On maximal injective subalgebras

Let $\mathcal{A}_i$ be a type $I$ von Neumann subalgebra in a type $II_1$ factor $\mathcal{M}_i$ with the faithful trace $\tau_i$ such that $\mathcal{A}_i'\cap\mathcal{M}_i\subseteq \mathcal{A}_i$, for $i=1, 2, \cdots$. Moreover, suppose $\mathcal{A}_i$ has the asymptotically orthogonal property in $\mathcal{M}_i$ after tensoring the finite von Neumann algebra $\otimes_{j\ne i}\mathcal{M}_j$, for all $i=1,2,\cdots$. Then we show that $\otimes_{i=1}^\infty\mathcal{A}_i$ is maximal injective in the infinite tensor product von Neumann algebra $\otimes_{i=1}^\infty\M_i$. As a consequence, we get the following result.
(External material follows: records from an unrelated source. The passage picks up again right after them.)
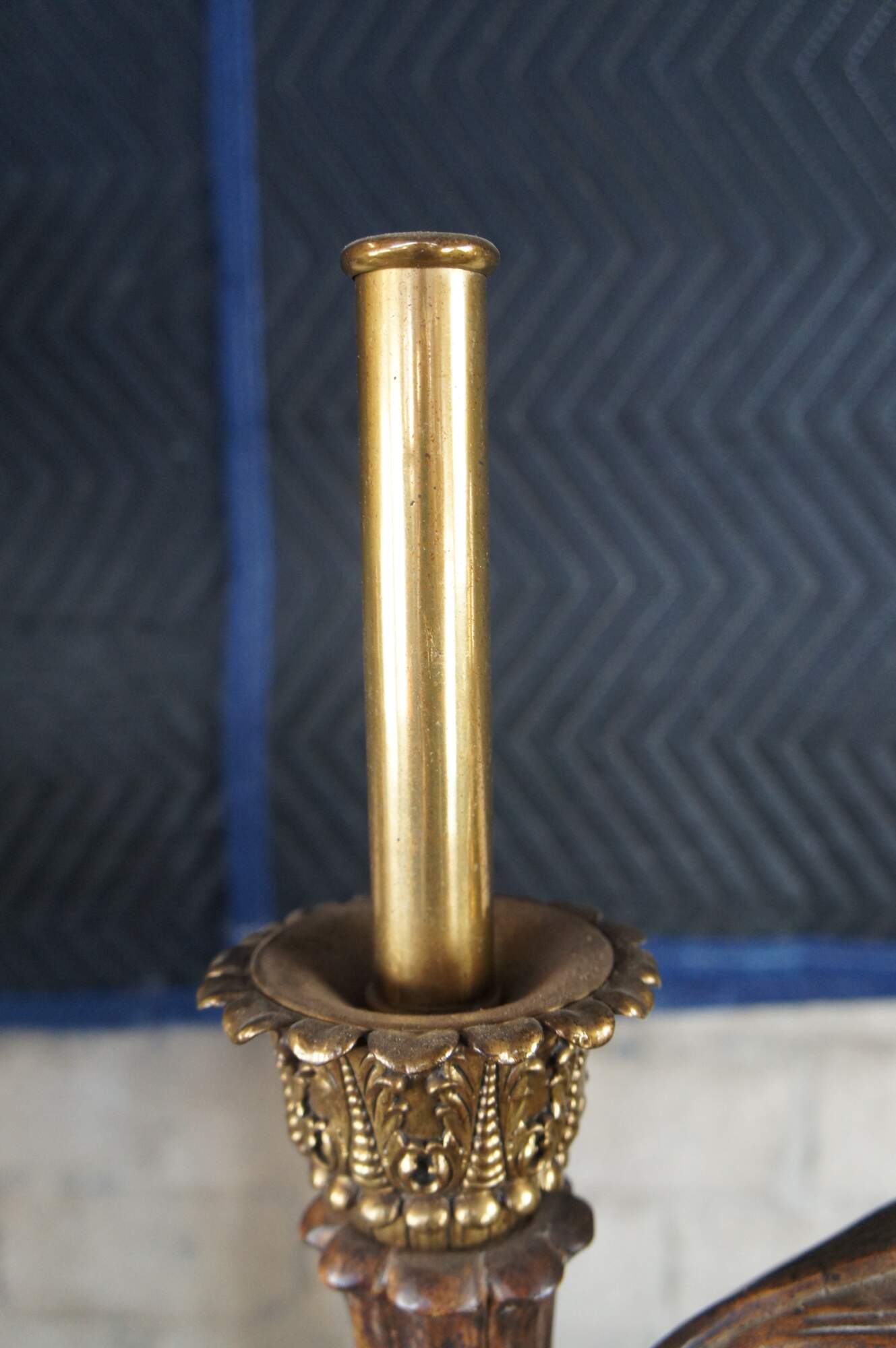 Pair of two vintage Maitland Smith carved acanthus brass candlesticks/ candelabra buffet/ banquet/ table lamps. Includes large oval pleated shades.
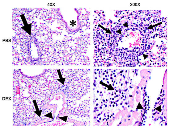 H&E staining of lungs: 40× (left) and 200× (right) magnification photomicrograph of a lung of a mouse that was treated with PBS (top) or DEX (bottom) and infected with IBV on day 8 pi. Bronchiolitis (asterisks), perivascular inflammation (arrows), vasculitis, (arrowheads).
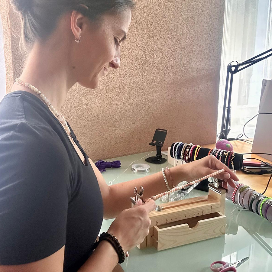 Ich bin Dominika – das kreative Herz hinter Lunamira. Schon als Kind liebte ich es, mit meinen Händen etwas Schönes zu erschaffen. Heute ist daraus eine kleine Welt geworden, in der Armbänder, Ketten und zarte Schmuckstücke entstehen – intuitiv, ruhig und getragen von dem Moment, in dem ich sie kreiere.
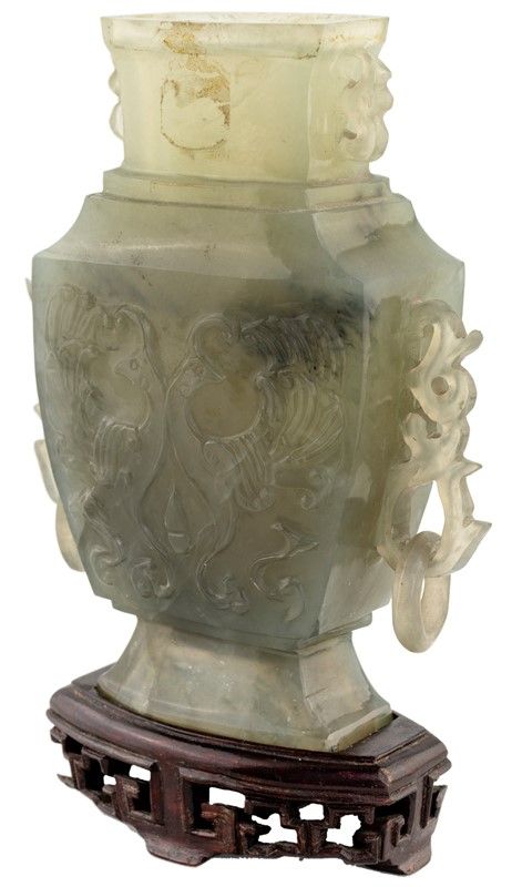 di forma schiacciata su base rettangolare, decorato in bassorilievo con figure di fenice affrontate; anse stilizzate con anello pendente; base in legno. Coperchio mancante. Cina, XX secolo..
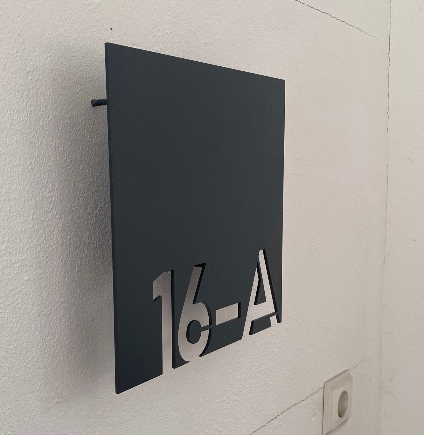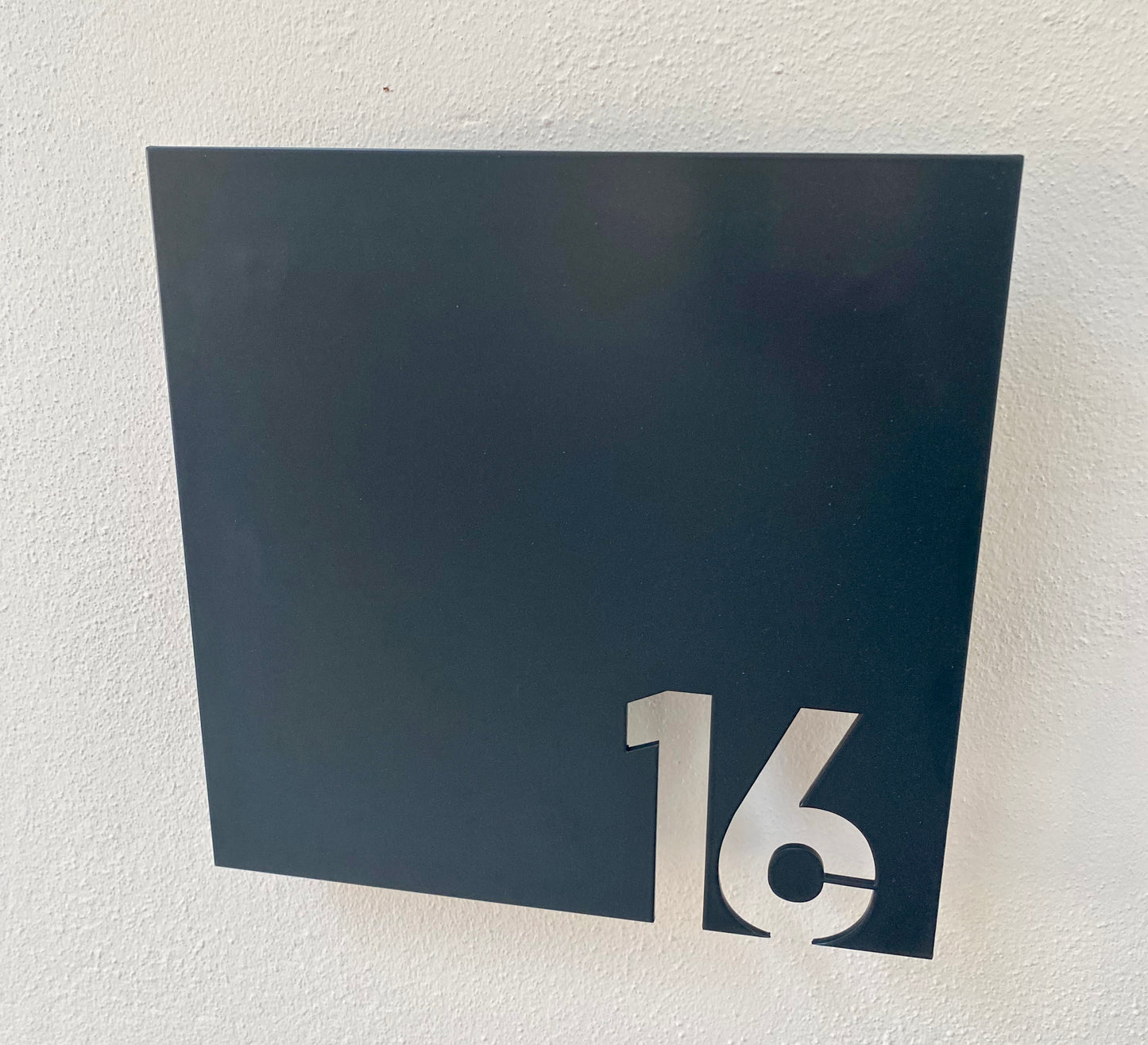 Placa com números de polícia personalizados em aço inoxidável de 3mm de espessura em cor natural ou lacado a cor da sua preferência.
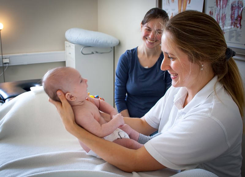 Barneosteopat Amy Jahr ved OK klinikken arbeider med lille baby Orest. Foto: Kristine Å. Skogstad
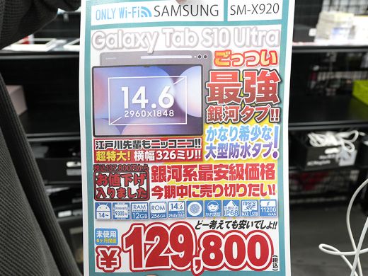 Samsung製14.6インチタブレット「Galaxy Tab S10 Ultra(SM-X920)」の未使用品が、イオシス各店でセール中。店頭価格は129,800円。保証期間は6か月。

Let $\{\mathbb{F}_{n_i};i=1,2, \cdots\}$ be a sequence of free groups with $n_i$ ($>1$) generators. Let $\mathcal{A}_i$ be the masa of group von Neumann algebra $\mathcal{L}_{\mathbb{F}_{n_i}}$ generated by a generator of $\mathbb{F}_{n_i}$ or by the sum of all generators and their inverses of the group. Then $\otimes_{i=1}^\infty\mathcal{A}_i$ is maximal injective in the infinite tensor product von Neumann algebra $\otimes_{i=1}^\infty\mathcal{L}_{\mathbb{F}_{n_i}}$.